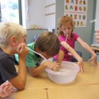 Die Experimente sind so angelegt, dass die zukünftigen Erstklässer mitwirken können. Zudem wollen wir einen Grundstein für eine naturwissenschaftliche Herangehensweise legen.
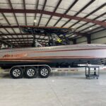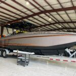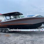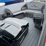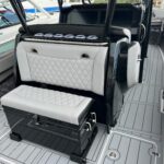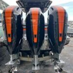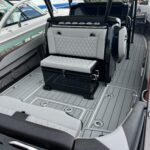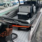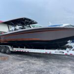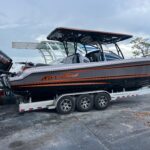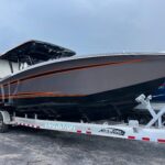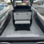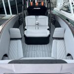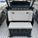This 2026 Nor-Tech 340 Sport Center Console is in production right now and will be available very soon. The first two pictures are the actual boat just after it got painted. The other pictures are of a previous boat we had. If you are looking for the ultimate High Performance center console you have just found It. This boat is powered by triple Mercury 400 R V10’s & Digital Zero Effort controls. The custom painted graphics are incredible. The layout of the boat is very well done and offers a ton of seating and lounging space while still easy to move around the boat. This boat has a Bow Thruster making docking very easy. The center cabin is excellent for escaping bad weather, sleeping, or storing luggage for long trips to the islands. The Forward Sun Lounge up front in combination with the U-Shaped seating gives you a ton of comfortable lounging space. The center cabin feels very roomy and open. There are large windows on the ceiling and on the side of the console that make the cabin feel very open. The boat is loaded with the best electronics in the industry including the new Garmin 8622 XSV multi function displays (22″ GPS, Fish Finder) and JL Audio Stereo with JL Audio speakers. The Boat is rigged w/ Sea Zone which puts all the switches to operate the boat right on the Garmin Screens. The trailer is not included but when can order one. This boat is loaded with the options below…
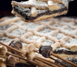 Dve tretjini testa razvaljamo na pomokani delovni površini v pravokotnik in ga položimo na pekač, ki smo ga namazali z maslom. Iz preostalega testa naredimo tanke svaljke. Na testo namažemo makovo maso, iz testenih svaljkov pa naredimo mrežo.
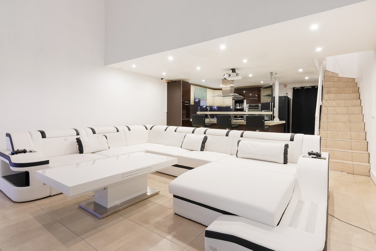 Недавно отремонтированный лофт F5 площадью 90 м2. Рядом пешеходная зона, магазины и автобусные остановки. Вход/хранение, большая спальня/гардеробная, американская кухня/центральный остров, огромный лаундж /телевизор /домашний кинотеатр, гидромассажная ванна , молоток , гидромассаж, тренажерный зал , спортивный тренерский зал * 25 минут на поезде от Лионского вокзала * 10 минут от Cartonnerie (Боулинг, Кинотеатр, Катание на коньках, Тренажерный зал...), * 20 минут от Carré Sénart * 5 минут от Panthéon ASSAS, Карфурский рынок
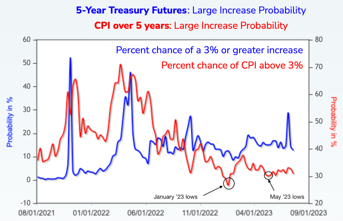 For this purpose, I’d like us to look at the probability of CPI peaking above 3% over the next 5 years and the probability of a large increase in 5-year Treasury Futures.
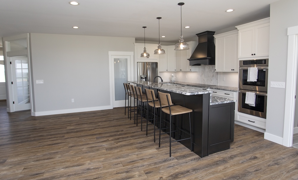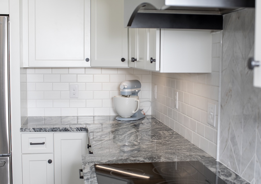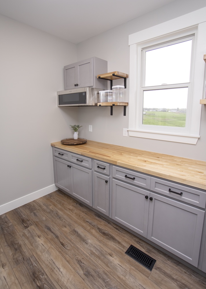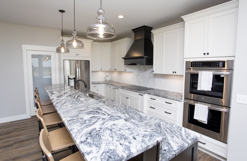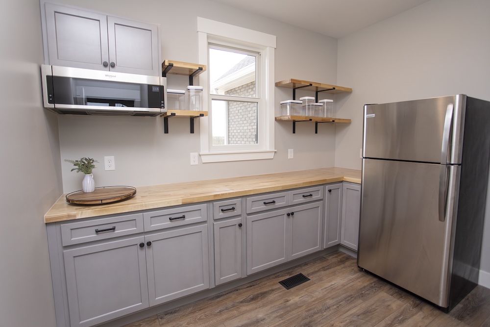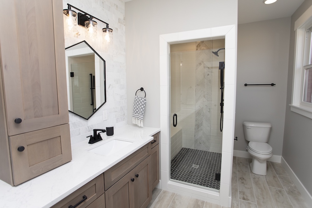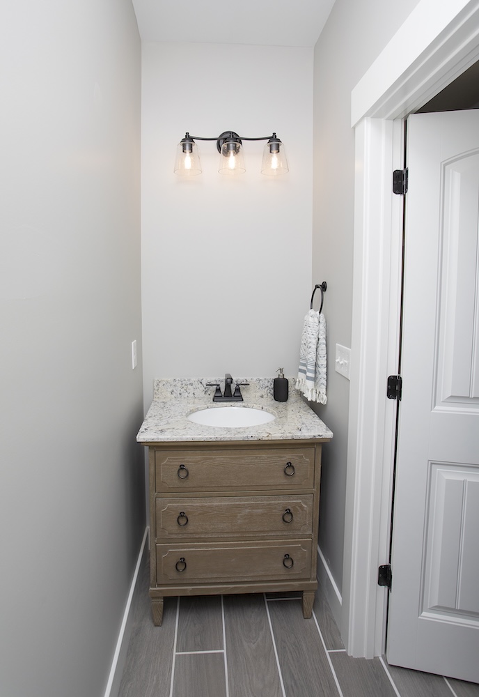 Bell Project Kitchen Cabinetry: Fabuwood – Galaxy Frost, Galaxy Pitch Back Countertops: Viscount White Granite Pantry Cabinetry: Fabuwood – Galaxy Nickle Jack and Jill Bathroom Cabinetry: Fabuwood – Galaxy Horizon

....................

● The problem:
Repeat each line of the records exactly, dropping the pictures.

● Worked solution:
 Die Experimente sind so angelegt, dass die zukünftigen Erstklässer mitwirken können. Zudem wollen wir einen Grundstein für eine naturwissenschaftliche Herangehensweise legen.
This 2026 Nor-Tech 340 Sport Center Console is in production right now and will be available very soon. The first two pictures are the actual boat just after it got painted. The other pictures are of a previous boat we had. If you are looking for the ultimate High Performance center console you have just found It. This boat is powered by triple Mercury 400 R V10’s & Digital Zero Effort controls. The custom painted graphics are incredible. The layout of the boat is very well done and offers a ton of seating and lounging space while still easy to move around the boat. This boat has a Bow Thruster making docking very easy. The center cabin is excellent for escaping bad weather, sleeping, or storing luggage for long trips to the islands. The Forward Sun Lounge up front in combination with the U-Shaped seating gives you a ton of comfortable lounging space. The center cabin feels very roomy and open. There are large windows on the ceiling and on the side of the console that make the cabin feel very open. The boat is loaded with the best electronics in the industry including the new Garmin 8622 XSV multi function displays (22″ GPS, Fish Finder) and JL Audio Stereo with JL Audio speakers. The Boat is rigged w/ Sea Zone which puts all the switches to operate the boat right on the Garmin Screens. The trailer is not included but when can order one. This boat is loaded with the options below…
 Dve tretjini testa razvaljamo na pomokani delovni površini v pravokotnik in ga položimo na pekač, ki smo ga namazali z maslom. Iz preostalega testa naredimo tanke svaljke. Na testo namažemo makovo maso, iz testenih svaljkov pa naredimo mrežo.
 Недавно отремонтированный лофт F5 площадью 90 м2. Рядом пешеходная зона, магазины и автобусные остановки. Вход/хранение, большая спальня/гардеробная, американская кухня/центральный остров, огромный лаундж /телевизор /домашний кинотеатр, гидромассажная ванна , молоток , гидромассаж, тренажерный зал , спортивный тренерский зал * 25 минут на поезде от Лионского вокзала * 10 минут от Cartonnerie (Боулинг, Кинотеатр, Катание на коньках, Тренажерный зал...), * 20 минут от Carré Sénart * 5 минут от Panthéon ASSAS, Карфурский рынок
 For this purpose, I’d like us to look at the probability of CPI peaking above 3% over the next 5 years and the probability of a large increase in 5-year Treasury Futures.
 Bell Project Kitchen Cabinetry: Fabuwood – Galaxy Frost, Galaxy Pitch Back Countertops: Viscount White Granite Pantry Cabinetry: Fabuwood – Galaxy Nickle Jack and Jill Bathroom Cabinetry: Fabuwood – Galaxy Horizon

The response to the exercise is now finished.